So my buddy Robert over at Middle Grade Ninja tagged me in this Writing Process Blog Hop. That’s the cover of his novel up there!

Here’s how it works:

Robert posts his blog about the writing process (read it here) and then tags me and a week later it’s my turn and I, in turn, tag some other writers and this crazy merry go round keeps spinning.

So here we go:

1. What am I working on?

Lots of stuff, actually.

I’m working on edits for my upcoming YA novel THIS IS SARAH which is scheduled to come out sometime in June. Here’s the blurb in case you’re curious what it’s about:

When Colin Leventhal leaned out his bedroom window on the night of May 12th and said goodbye to his girlfriend, he never expected it would be forever. But when Sarah Evans goes missing that night, Colin’s world unravels as he is transformed from the boyfriend next door to the main police suspect. Then one year later, at her memorial service, Colin makes a phone call that could change everything. Is it possible that Sarah is still alive? And if so, what is Colin willing to do to bring her back?

 

And as Colin struggles with this possibility, across the street, Sarah’s little sister Claire learns how to navigate the strange new landscape that is life without her sister. Even as her parent’s fall apart, Claire is determined to keep on going. Even if it kills her.

 

THIS IS SARAH is a meditation on loss, love, and what it means to say goodbye.

 

I’m at the point right now where we’re pretty close (at least I think we are) to passing this along to the copy editor. Mary, who is my content editor at BookFish Books has been amazing – part teacher, part cheerleader, and all around awesome.
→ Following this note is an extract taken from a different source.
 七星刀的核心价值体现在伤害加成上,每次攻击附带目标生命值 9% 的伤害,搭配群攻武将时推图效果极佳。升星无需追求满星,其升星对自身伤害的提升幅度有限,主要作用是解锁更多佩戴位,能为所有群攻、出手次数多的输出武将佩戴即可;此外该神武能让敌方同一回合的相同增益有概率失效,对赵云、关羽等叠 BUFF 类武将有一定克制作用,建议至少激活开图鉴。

I’m also working on a poetry collection that I’m calling How To Be An American. It’s a series of poems that are based upon ideas expressed in a book entitled Culture Shock: America. The purpose of the book is to educate new immigrants about our culture and it’s filled with some absolute gems. You can read some of the poems that have already been published here.

And finally I’m working on revisions of a YA sci-fi book called PALIMPSEST which I’ve been working on FOREVER and am thankfully really close to finishing. Unfortunately it’s a complicated story (probably too complicated for my feeble brain to hold together) and it keeps getting interrupted by other projects, like SARAH.
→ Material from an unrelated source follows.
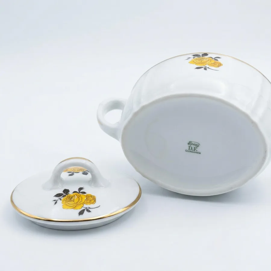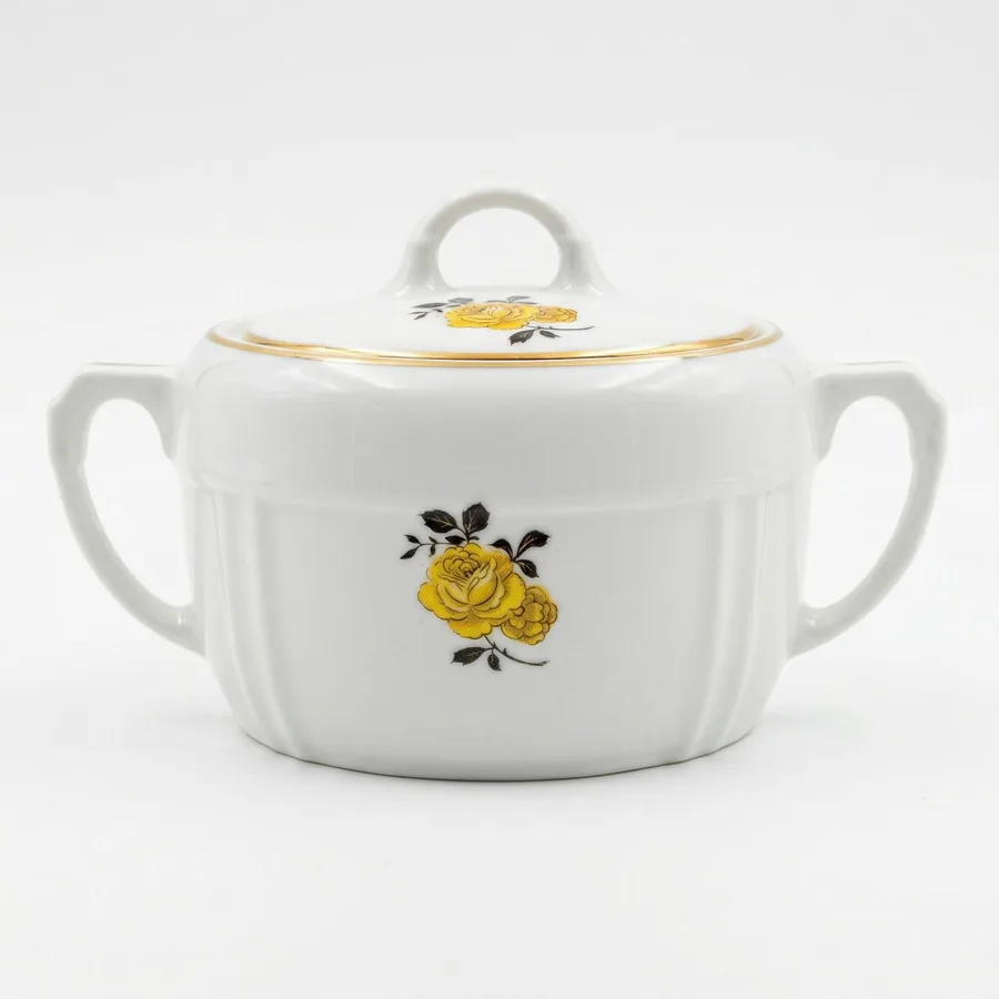 כלי סוכר מפורצלן חלק מסרוויס שושנה צהובה

2. How does my work differ from others of its genre?

Hm. Wow. I don’t really know how to answer that.

If I’m going to talk about THIS IS SARAH, I guess the thing that makes it different is that it’s small, quiet and sad. I think a lot of YA books are really big, really loud, and really dramatic. Vampires. Monsters. Girls falling in love with their dead boyfriends (literally). The paranormal romance thing is huge.

And I’m not criticizing that – I think there is a lot of really good stuff out there dealing with paranormal romances. But SARAH is decidedly not that.

Like I said, it’s small – only about 47K words. And quiet – there are no zombies, vampires, or anything like that. No one is trying to save the world. No one has special powers. No one is related to a fairy or any other member of the fey.

It’s just about a high school age boy who trying to keep it together when the unthinkable happens. And it’s about a sixteen year old girl who has to manage without her sister.

It’s about loss.

Like I said, it’s a sad book.

3. Why do I write what I do?

Sheesh, this is even harder than the last one.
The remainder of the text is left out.